Les principaux dirigeants du mouvement Houthis ont cessé d’apparaître lors des événements publics organisés à Sanaa et dans d’autres zones du nord du Yémen contrôlées par le groupe. C’est ce que rapporte le quotidien saoudien Asharq al-Awsat, citant des sources locales et des spécialistes des mouvements armés. Selon ces experts, cette absence prolongée des figures de premier plan reflète un niveau élevé d’alerte sécuritaire et une crainte croissante au sein de la direction houthie, après des frappes israéliennes ciblant des responsables du mouvement il y a quelques mois.
Si les Houthis continuent de diffuser des messages officiels et des discours destinés à maintenir une apparence de normalité, la réalité sur le terrain est tout autre. Les événements récents ont été organisés par des cadres subalternes et des intervenants locaux, une mesure interprétée comme une tentative de réduire les risques d’identification et de ciblage.
Selon Asharq al-Awsat, le mouvement a par ailleurs confirmé la mort de son chef d’état-major, Mohammed al-Ghamari, un coup dur qui fragilise encore davantage la chaîne de commandement et alimente les craintes quant à la sécurité du noyau dirigeant.
Des habitants de Sanaa interrogés par le quotidien saoudien évoquent des rassemblements plus modestes et désorganisés, tant en termes d’affluence que de qualité des discours. Malgré les pressions, intimidations et convocations forcées, la participation visible était en baisse. « Les années précédentes, on voyait des dirigeants de premier rang sur scène. Cette fois, personne. Même le responsable du quartier se cachait. La confusion était évidente, et le nombre d’hommes armés dépassait celui des participants », témoigne Abou Abdallah, résident du quartier d’al-Hasbah, au nord de la capitale.

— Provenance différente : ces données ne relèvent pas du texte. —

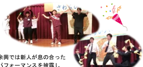
余興では新人が息の合ったパフォーマンスを披露し会場を大いに盛り上げました。
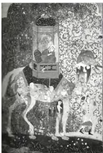
تصویر ۵. زن سوار بر شتر ترکیبی، اواخر سده ۱۶م (تارنمای موزه کلیولند، ۲۰۱۹)
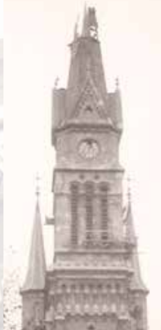
Rozstretená veža, 1956

Na prelome storočí duchovnú službu prevzalo duchovenstvo ostrihomskej arcidiecézy. Počas svetových vojnách kolektív poškodený kostol obnovil z vlastných síl, ale Rákošioho diktatúra potlačil civilnú a karitatívnu aktivitu farnosti: náš kultúrny dom na ulicu Ráday č. 57 poštátnili. Bakáčovske námestie bolo v roku 1956 svedkom bitiek a popráv. Po zmene komunistického režimu sa aj náš kolektív oživil , nádherným dôkazom toho je obnovená budova farnosti: tu už čoskoro 2 storočí môžu nájsť duchovný útulok františkárski katolícki veriaci.
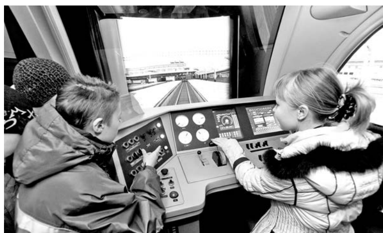
Детвора смогла поуправлять поездом на специальном модуляторе. Ожидали своей очереди и взрослые.
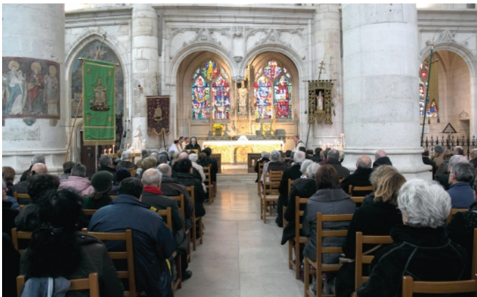
Messe célébrée devant l'autel Saint-Nicolas
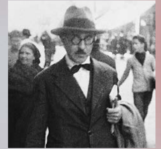
פרננדו פסואה. צילום: מתוך ויקיפדיה, אמן לא ידוע

צ'לו: אווה מעזיה כלי נשיפה עממיים: איליה מעזיה
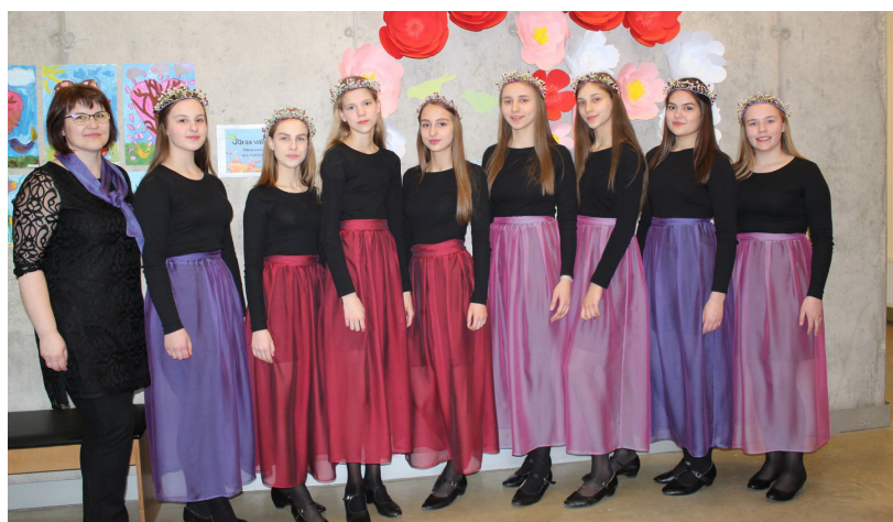
Paldies skolotājai un meitenēm par izcilo sniegumu un iegūto 1. pakāpes diplomu!
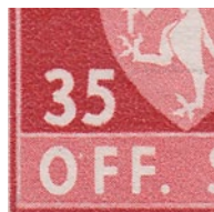
T82 vx12 Hvit flekk bak O i OFF kl. 02.00
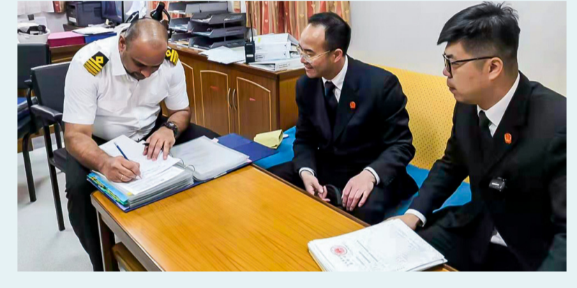
▲ 2019年3月11日，在“尼莉莎”轮案中适用“活扣押”，促使当事人达成和解，外国船东将船舶更名为“尊重”，向中国法治致敬。
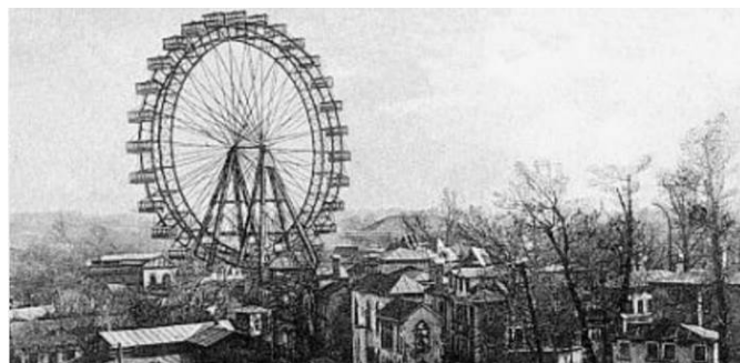
Das Wiener Riesenrad wurde im Sommer 1897 eröffnet

Anfragen für weitere Nutzungsrechte an den Verlag
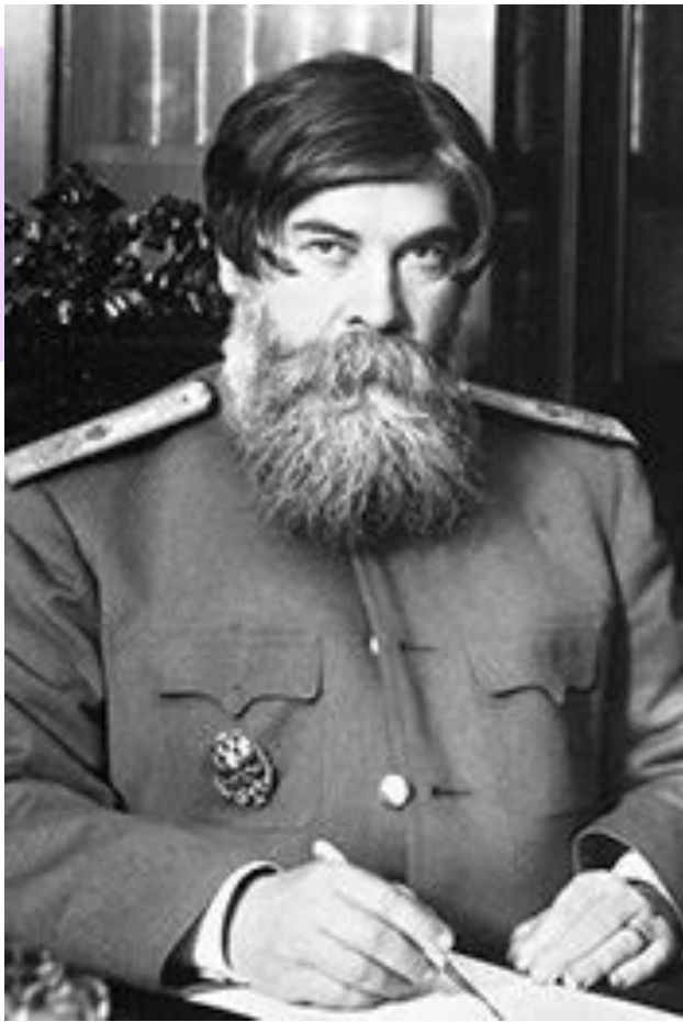
Владимир Михайлович Бехтерев
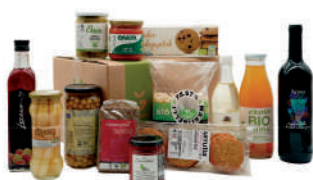
Saski berdea 65€ eko
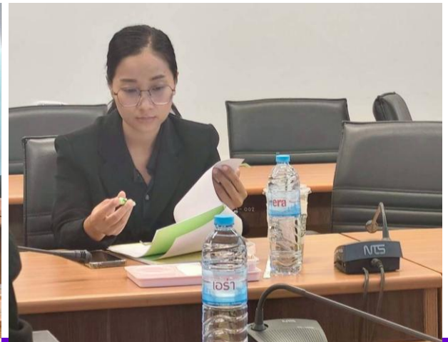
กลุ่มติดตามและประเมินผลการบริหารการศึกษาในภูมิภาค กองส่งเสริมและพัฒนาการบริหารการศึกษาในภูมิภาค สำนักงานปลัดกระทรวงศึกษาธิการ
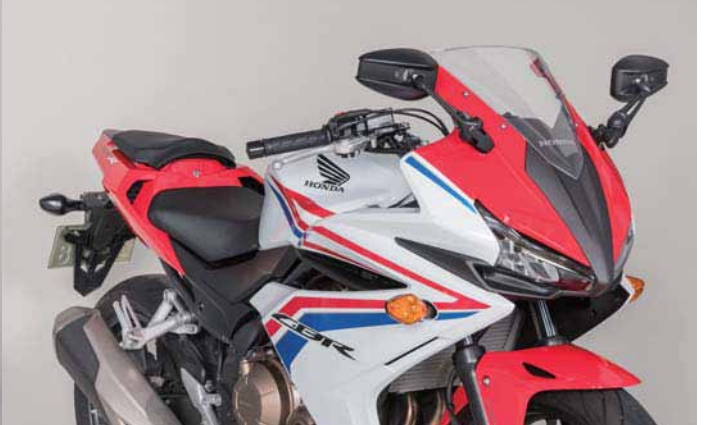
AEX9B CBR400R 2016
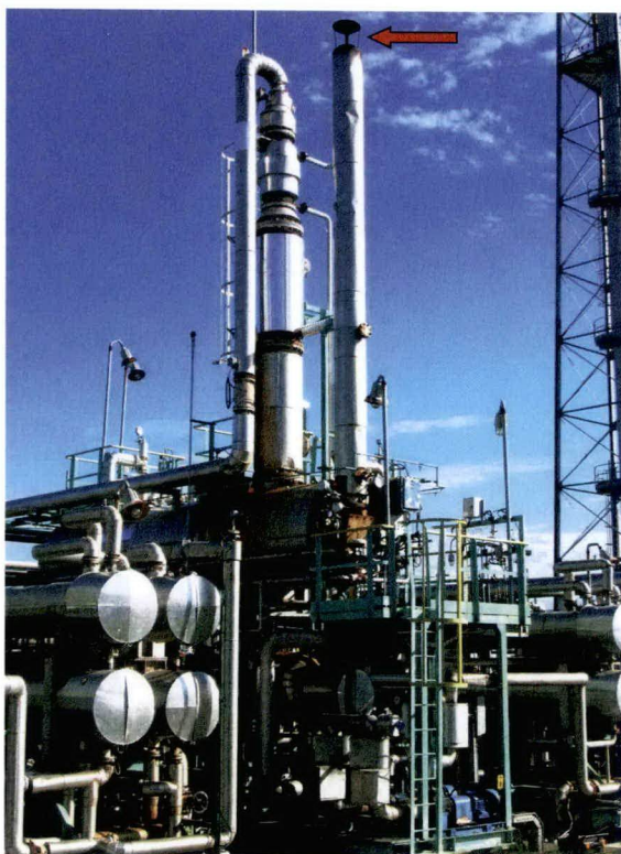
Punto di emissione E12

Il giorno 5 dicembre 2017 sono state effettuate dalle ore 10:20 alle ore 11:30, con l'analizzatore TESTO 350 , misure discontinue nelle condizioni di esercizio più gravose dell'impianto, prelevando i fumi dal camino di scarico di altezza pari a 12 metri. Nella tabella 4 sono riportati i valori misurati delle concentrazioni di CO , NO_x , SO_x , e i rispettivi limiti prescritti nella citata autorizzazione della Provincia di Ravenna per il punto di emissione specifico. I valori riportati sono riferiti alle condizioni normali (273,15 °K e 101,3 kPa) e a un contenuto di O_2 pari al 3%; la temperatura dei fumi rilevata è pari a 158 °C.

Parallèlement, plusieurs personnes contraintes d’assister à ces événements ont signalé une politique de silence médiatique sans précédent. Photos interdites, noms des responsables absents des discours, contrôle strict des communications : autant de mesures visant à éviter toute fuite d’informations. « Il nous était interdit de prendre des photos ou de mentionner les noms des responsables présents, même s’il ne s’agissait pas de dirigeants de premier plan. Cela montre un niveau de panique inédit », confie Khaled, employé public dans une zone rurale autour de Sanaa.
Parmi les dirigeants systématiquement absents . Mahdi al-Mashat, chef du Conseil politique suprême, Mohammed Ali al-Houthi, ainsi que Ahmed Hamid, l’un des piliers de l’appareil sécuritaire du mouvement. Des responsables militaires et sécuritaires de haut rang brillent également par leur absence, tant sur le terrain que dans les médias. Selon le rapport, cette invisibilité ne se limite pas aux rassemblements : les apparitions médiatiques directes ont quasiment cessé, les dirigeants se contentant désormais de déclarations écrites ou de discours préenregistrés.
Pour les observateurs régionaux, cette mise en retrait traduit une vulnérabilité accrue du leadership houthi, confronté à la perspective de frappes ciblées et à un climat de méfiance généralisée au sein de ses propres structures.